__Data excerpt__.
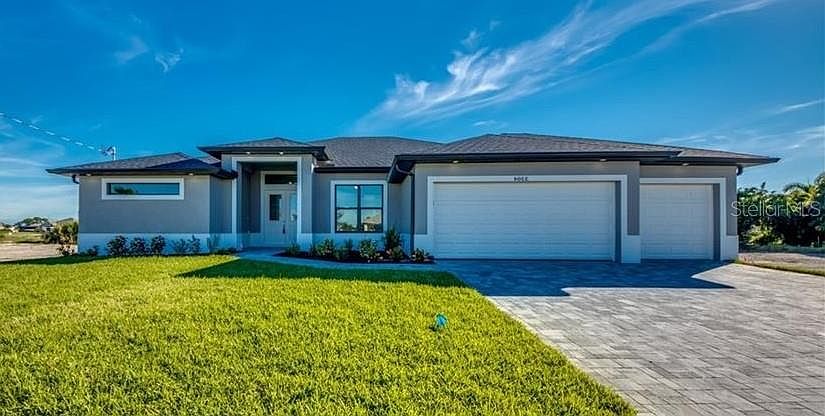 Under Construction. - Gulf Access Pool Home to be completed in approximately in Early October 2023. Don't miss out on this amazing opportunity to snatch up this beautiful single family home. This home is located in the highly desirable South Gulf Cove area right on the Santa Cruz waterway with access to the bay, and also the intercostal waterway. This beautiful brand-new home will have 3 bedrooms and a den, 2 bathrooms, 3 car garage. The Bermuda plan features an open concept floorplan, cabinets are white shaker style with stainless steel appliances. All windows are impact and slider will have shutters provided. South Gulf Cove is a sportsman community with boating, golf, fishing and great local restaurants nearby with less than 20 minutes of idle speed to the lagoon! PHOTOS ARE OF THE SAME MODEL IN A DIFFERENT LOCATION, FINISHES ARE SIMILAR*
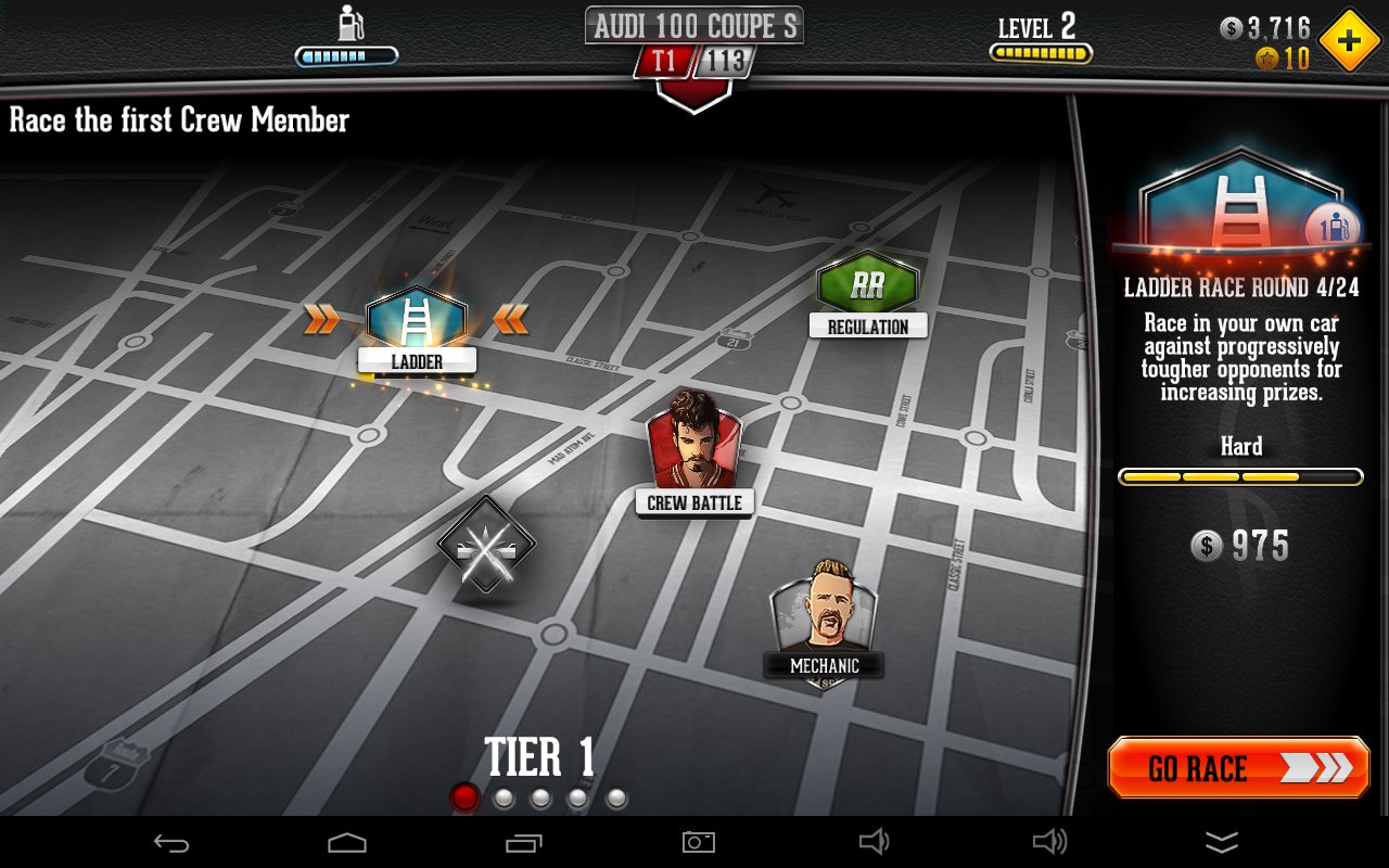 W grze, podobnie jak w CSR Racing, musimy udowodnić, że jesteśmy najlepszym kierowcą w mieście. W tym celu ścigamy się w podrzędnych imprezach zbierając fundusze na ulepszenia, a jeśli samochód spełni wymogi – stajemy do walki z jednym z członków teamu, który rządzi tą dzielnicą. Po kilku takich seriach dotrzemy do bossa.
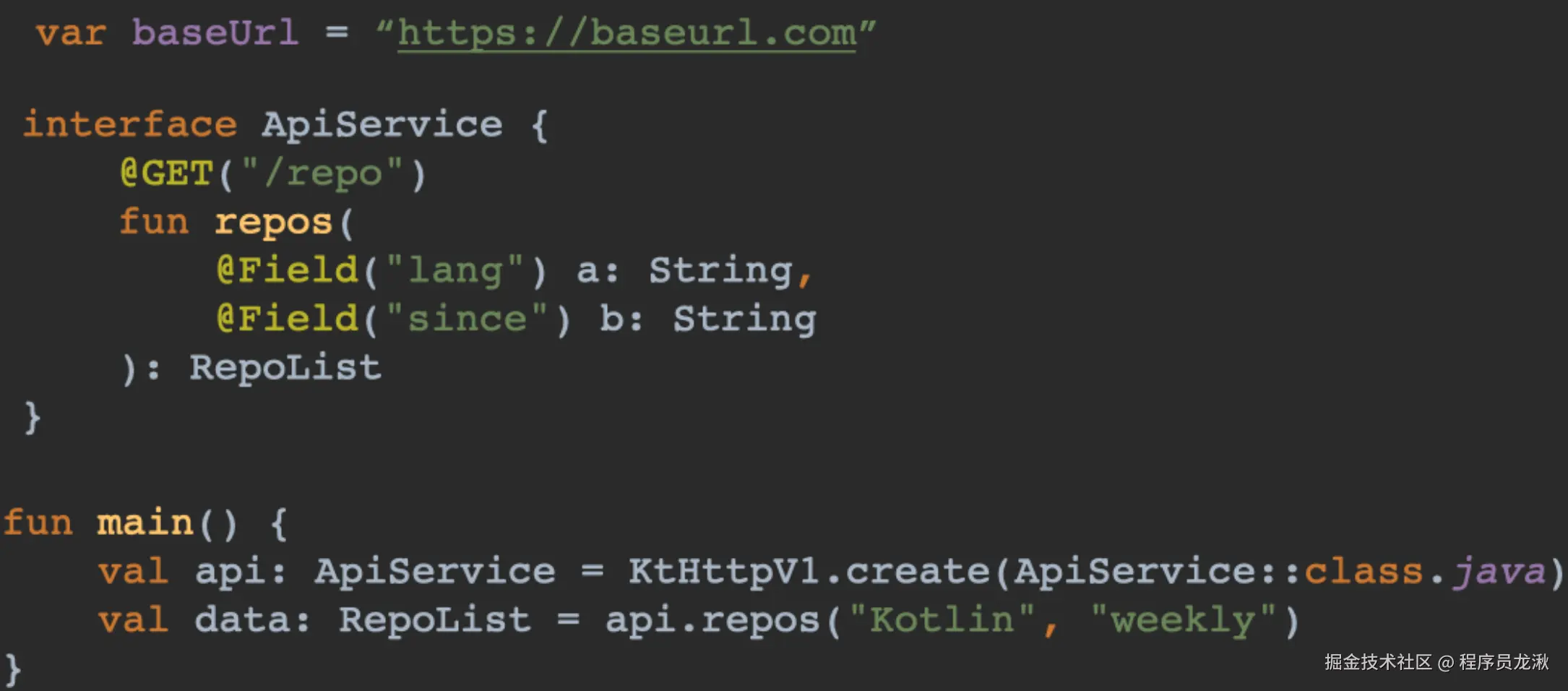 在这个方法当中,我们需要读取 method 当中的 GET 注解,解析出它的值,然后与 baseURL 拼接。这里我们完全可以借助 Kotlin 的标准库函数来实现
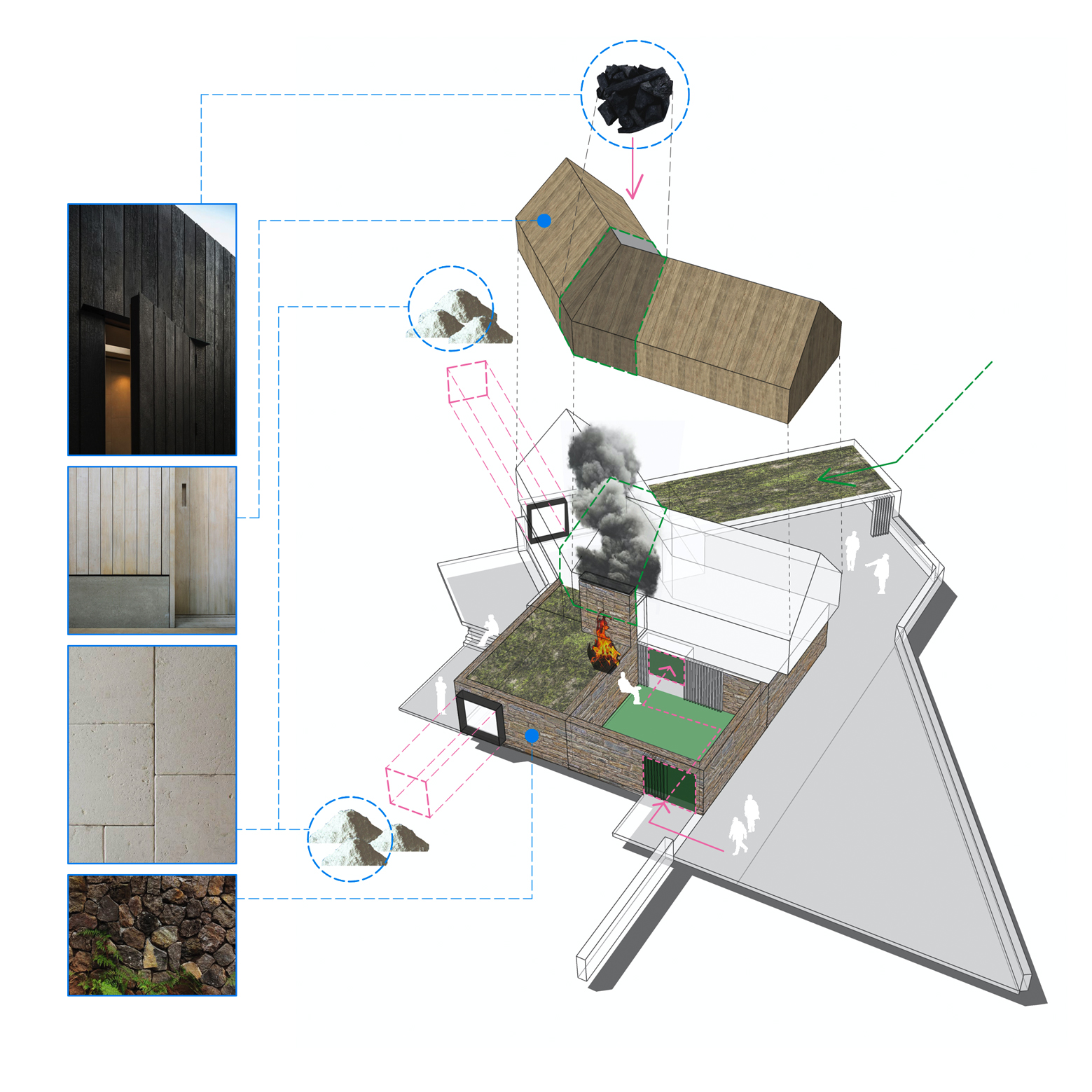 The Clearwell Orchard project is a development under the NPPF Paragraph 80 (ex Paragraph 79) exemption clause for a bespoke, energy efficient, rural dwelling. Inspired by the rich rural landscape that it will inhabit, and its vast industrial heritage, the project has two interconnected aspects including a new bespoke dwelling and the re-introduction of an ancient orchard. The house scheme, to be designed and built to Passivhaus standards, consists of a carefully planned entry sequence with open plan living, kitchen and dining, demarcated with curated furniture. With more space on the GF than above, the two bedrooms at FF are to take advantage of the orientation, woodland setting and carefully framed views. Externally, a large but discrete dedicated garage, machinery store and workshop is to be integrated as part of the works, carefully placed to limit views of any 'domestic paraphernalia' in the setting to the rear of the property. The traditional orchard within the landscape is an integral part of the journey and entry sequence through the site to the house.

__Activity__. Give back, exactly as written, the lines from the top of the material above to the line containing "在这个方法当中,我们需要读取 method 当中的", both included; skip every picture.

__Reply to the task__.
 Under Construction. - Gulf Access Pool Home to be completed in approximately in Early October 2023. Don't miss out on this amazing opportunity to snatch up this beautiful single family home. This home is located in the highly desirable South Gulf Cove area right on the Santa Cruz waterway with access to the bay, and also the intercostal waterway. This beautiful brand-new home will have 3 bedrooms and a den, 2 bathrooms, 3 car garage. The Bermuda plan features an open concept floorplan, cabinets are white shaker style with stainless steel appliances. All windows are impact and slider will have shutters provided. South Gulf Cove is a sportsman community with boating, golf, fishing and great local restaurants nearby with less than 20 minutes of idle speed to the lagoon! PHOTOS ARE OF THE SAME MODEL IN A DIFFERENT LOCATION, FINISHES ARE SIMILAR*
 W grze, podobnie jak w CSR Racing, musimy udowodnić, że jesteśmy najlepszym kierowcą w mieście. W tym celu ścigamy się w podrzędnych imprezach zbierając fundusze na ulepszenia, a jeśli samochód spełni wymogi – stajemy do walki z jednym z członków teamu, który rządzi tą dzielnicą. Po kilku takich seriach dotrzemy do bossa.
 在这个方法当中,我们需要读取 method 当中的 GET 注解,解析出它的值,然后与 baseURL 拼接。这里我们完全可以借助 Kotlin 的标准库函数来实现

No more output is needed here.